Transcribe word for word the section of the records below that opens with the line containing "女王はクロッケーが下手で、ハ" and closes with the line containing "Dandelion Insurrection has"; drop every picture.

Input data below:

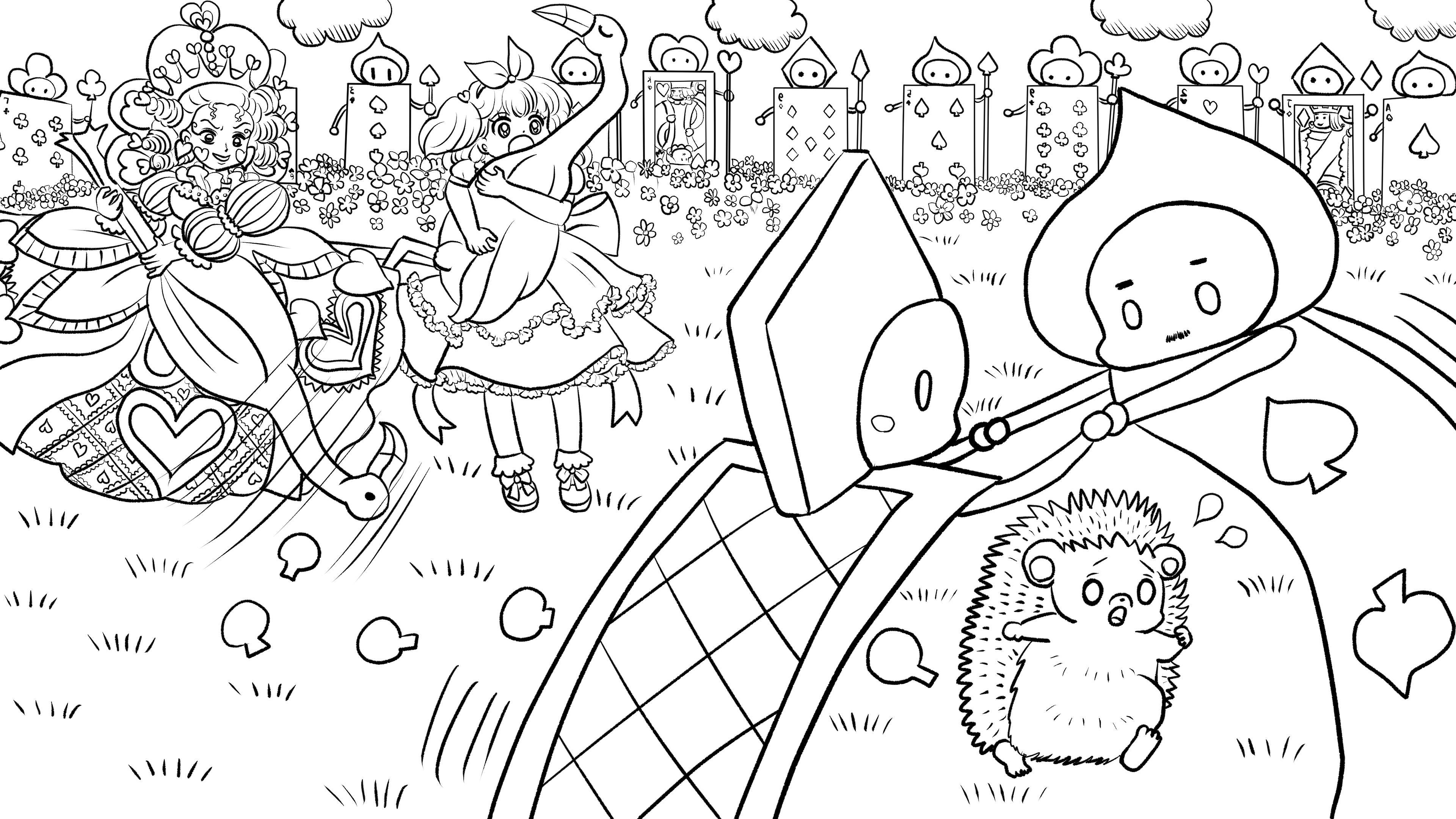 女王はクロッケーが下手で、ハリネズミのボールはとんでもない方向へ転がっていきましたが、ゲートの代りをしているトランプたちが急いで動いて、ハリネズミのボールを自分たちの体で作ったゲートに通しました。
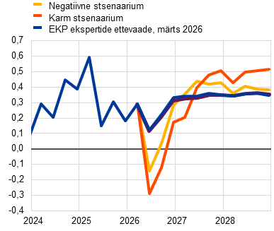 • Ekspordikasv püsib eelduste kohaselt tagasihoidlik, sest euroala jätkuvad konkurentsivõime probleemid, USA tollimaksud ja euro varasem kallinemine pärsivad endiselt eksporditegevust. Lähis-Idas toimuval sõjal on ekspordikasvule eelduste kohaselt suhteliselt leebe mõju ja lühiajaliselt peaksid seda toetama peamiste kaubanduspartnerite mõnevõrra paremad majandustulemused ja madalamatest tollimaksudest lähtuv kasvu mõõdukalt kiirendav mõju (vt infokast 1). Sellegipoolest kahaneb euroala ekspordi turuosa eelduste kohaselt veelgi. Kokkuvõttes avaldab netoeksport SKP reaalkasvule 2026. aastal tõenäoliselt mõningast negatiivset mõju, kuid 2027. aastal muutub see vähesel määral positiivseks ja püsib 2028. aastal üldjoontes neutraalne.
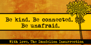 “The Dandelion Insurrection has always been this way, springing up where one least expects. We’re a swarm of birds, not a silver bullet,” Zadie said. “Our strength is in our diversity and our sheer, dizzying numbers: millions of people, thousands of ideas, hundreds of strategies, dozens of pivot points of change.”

End of Input data.
Input data below:

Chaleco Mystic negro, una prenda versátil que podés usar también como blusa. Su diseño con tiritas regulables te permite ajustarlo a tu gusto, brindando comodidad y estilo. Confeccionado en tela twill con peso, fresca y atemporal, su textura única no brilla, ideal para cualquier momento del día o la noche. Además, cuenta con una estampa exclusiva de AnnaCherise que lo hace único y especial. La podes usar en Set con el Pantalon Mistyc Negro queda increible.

End of Input data.

• Answer box:
 女王はクロッケーが下手で、ハリネズミのボールはとんでもない方向へ転がっていきましたが、ゲートの代りをしているトランプたちが急いで動いて、ハリネズミのボールを自分たちの体で作ったゲートに通しました。
 • Ekspordikasv püsib eelduste kohaselt tagasihoidlik, sest euroala jätkuvad konkurentsivõime probleemid, USA tollimaksud ja euro varasem kallinemine pärsivad endiselt eksporditegevust. Lähis-Idas toimuval sõjal on ekspordikasvule eelduste kohaselt suhteliselt leebe mõju ja lühiajaliselt peaksid seda toetama peamiste kaubanduspartnerite mõnevõrra paremad majandustulemused ja madalamatest tollimaksudest lähtuv kasvu mõõdukalt kiirendav mõju (vt infokast 1). Sellegipoolest kahaneb euroala ekspordi turuosa eelduste kohaselt veelgi. Kokkuvõttes avaldab netoeksport SKP reaalkasvule 2026. aastal tõenäoliselt mõningast negatiivset mõju, kuid 2027. aastal muutub see vähesel määral positiivseks ja püsib 2028. aastal üldjoontes neutraalne.
 “The Dandelion Insurrection has always been this way, springing up where one least expects. We’re a swarm of birds, not a silver bullet,” Zadie said. “Our strength is in our diversity and our sheer, dizzying numbers: millions of people, thousands of ideas, hundreds of strategies, dozens of pivot points of change.”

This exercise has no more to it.